Read coverage distribution of OmniATAC-seq

Highly accessible regions are enriched in gene regulatory regions, such as promoters13. Therefore, we analyzed the distribution of OmniATAC-seq reads around known gene models. The OmniATAC-seq reads were highly enriched at transcription start sites (TSSs) (Fig. 5).

Fig. 5
figure 5

OmniATAC-seq reads distribution around genes. The column shows the region of 3000 bp upstream from the transcription start site (TSS) to 3000 bp downstream from the transcription end site (TES). Rows are genes. The enrichment of reads is shown as a gradient of red.

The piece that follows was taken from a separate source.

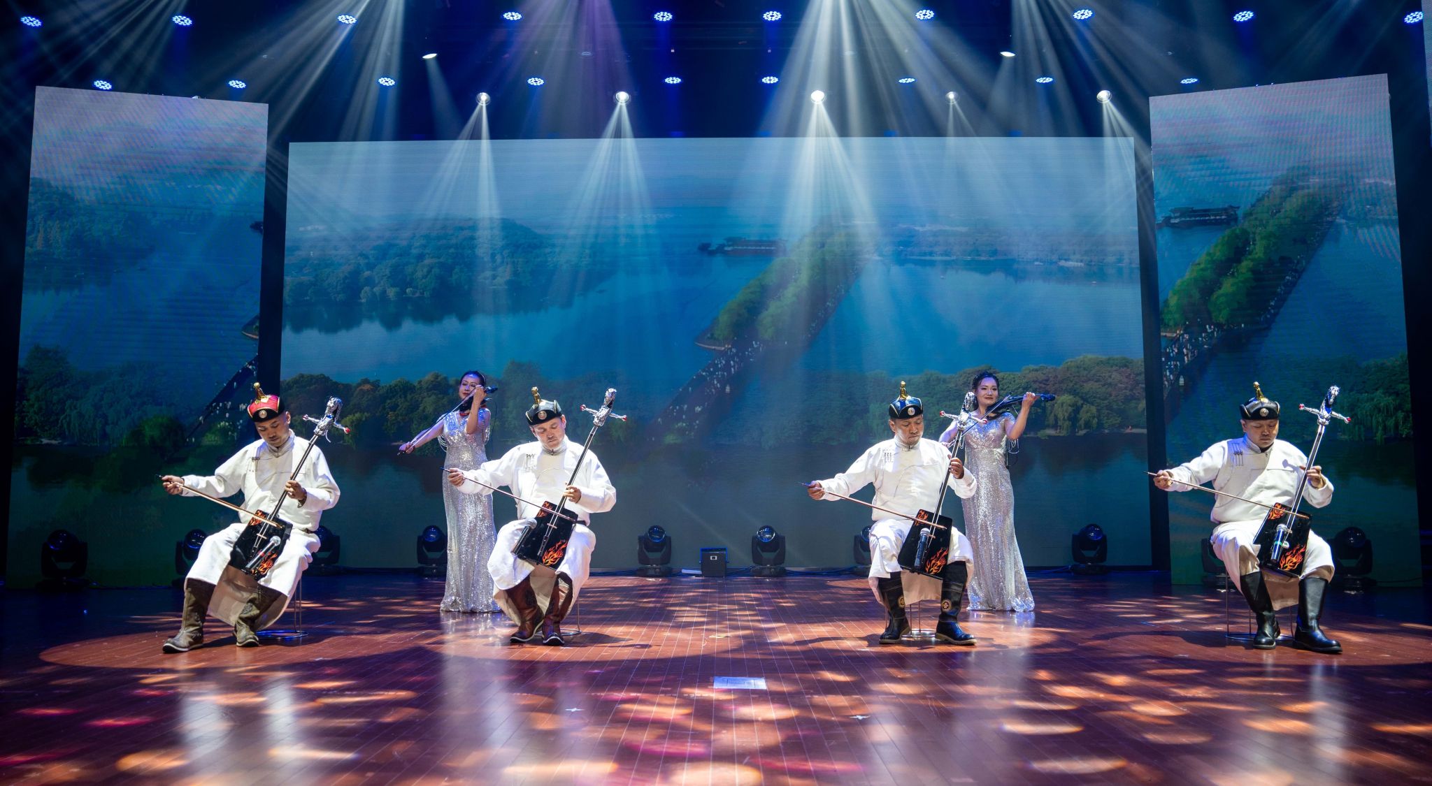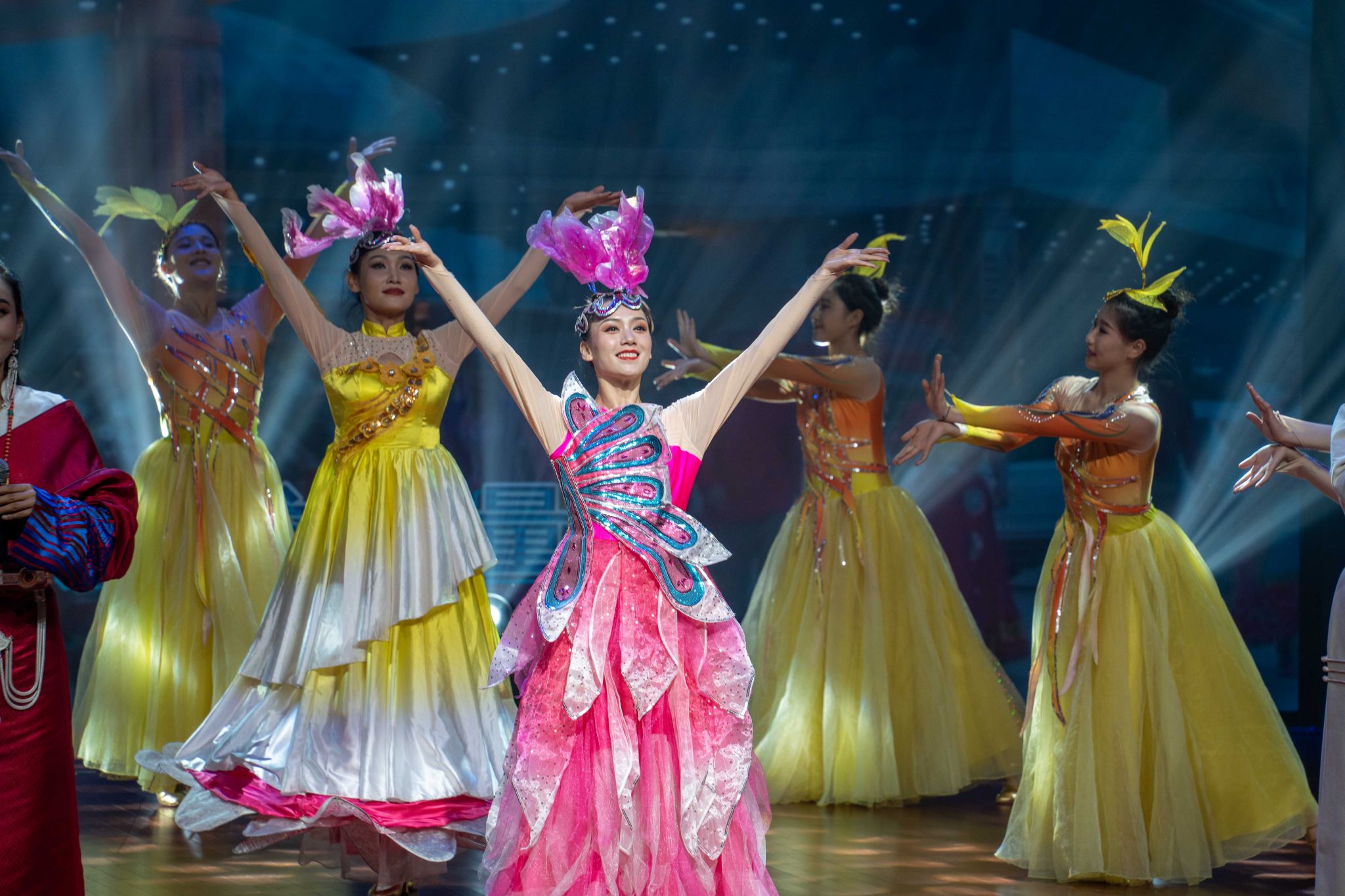 女声独唱《青藏高原》以其纯净激昂的歌声,引领听众穿越云端,感受那份震撼心灵的高原之美,器乐联奏《爱在海西》巧妙融合了东西方乐器,流淌着海西人对乡土与祖国深情厚意。独具海西地域特色的舞蹈《那达慕盛会》和民族服饰表演《卓姆》以及潇洒奔放的器乐连奏《梁祝》《万马奔腾》,带领观众领略了海西壮美的自然风光及风土人情。演员们通过民族歌舞、情景表演、器乐联奏等多元化的艺术表现形式,展现了在海西广袤的土地上40多个民族交流融通、和谐繁荣的生活场景,唱响了浙青两省虽远隔千里却饱含深情的友谊之歌。

Methylation-level distribution of methylation array

The M-value of methylation assay data typically shows a bimodal distribution, representing hypomethylated and hypermethylated CpGs14. Our methylation array M-values also showed bimodal distribution (Fig. 6).

Fig. 6
figure 6

Distributions of M-values in hepatocyte differentiation time-course data (left) and definitive endoderm differentiation time-course data (Right).